Description
Code Sample, a copy-pastable example if possible
import numpy as np
import pandas as pd
df = pd.DataFrame(np.random.randint(10,100, size=(200,6)), columns=['C'+str(i) for i in range(6)])

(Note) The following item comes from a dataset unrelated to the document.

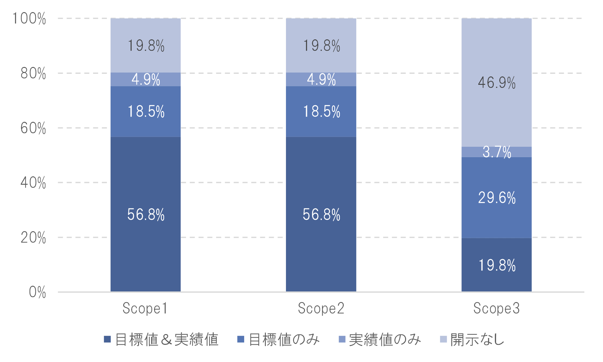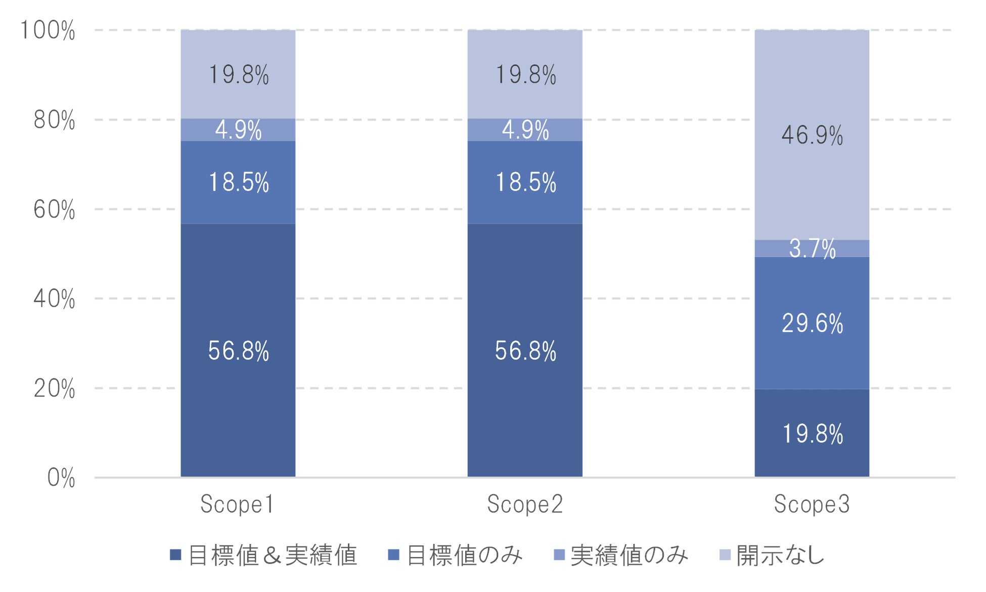 温室効果ガス(GHG)排出量の開示では、Scope3について実績値、目標値のいずれかを開示する企業は53.1%に達しました(図表3)。一方実績値、目標値の両方を開示する企業は19.8%にとどまるほか、GHG排出量についてScope1,2,3いずれかの実績値を開示する企業51社のうち、第三者保証に言及する割合は25.5%にとどまりました。

df['C0'] = ['A','B','C','D']*50
df['C1'] = ['E','F']*100
df['C2'] = ['H','I','J','K', 'L']*40
for col in df.columns[:3]:
df[col] = df[col].astype('category')
df.info()
<class 'pandas.core.frame.DataFrame'>
RangeIndex: 200 entries, 0 to 199
Data columns (total 6 columns):
C0 200 non-null category
C1 200 non-null category
C2 200 non-null category
C3 200 non-null int32
C4 200 non-null int32
C5 200 non-null int32
dtypes: category(3), int32(3)
memory usage: 3.1 KB
%time ix_true = df.groupby(df.columns.tolist()[:3], as_index=True)['C5'].max()
Wall time: 2 ms
ix_true.shape
(20,)
%time ix_false = df.groupby(df.columns.tolist()[:3], as_index=False)['C5'].max()
Wall time: 15 ms
ix_false.shape
(40, 4)
ix_true
C0 C1 C2
A E H 93
I 99
J 88
K 91
L 94
B F H 98
I 89
J 94
K 92
L 96
C E H 96
I 96
J 85
K 88
L 98
D F H 96
I 84
J 71
K 96
L 94
Name: C5, dtype: int32
ix_false
C0 C1 C2 C5
0 A E H 93.0
1 A E I 99.0
2 A E J 88.0
3 A E K 91.0
4 A E L 94.0
5 A F H NaN
6 A F I NaN
7 A F J NaN
8 A F K NaN
9 A F L NaN
10 B E H NaN
11 B E I NaN
12 B E J NaN
13 B E K NaN
14 B E L NaN
15 B F H 98.0
16 B F I 89.0
17 B F J 94.0
18 B F K 92.0
19 B F L 96.0
20 C E H 96.0
21 C E I 96.0
22 C E J 85.0
23 C E K 88.0
24 C E L 98.0
25 C F H NaN
26 C F I NaN
27 C F J NaN
28 C F K NaN
29 C F L NaN
30 D E H NaN
31 D E I NaN
32 D E J NaN
33 D E K NaN
34 D E L NaN
35 D F H 96.0
36 D F I 84.0
37 D F J 71.0
38 D F K 96.0
39 D F L 94.0
Problem description
Using as_index=False
in df.groupby(df.columns.tolist()[:3], as_index=False)['C5'].max()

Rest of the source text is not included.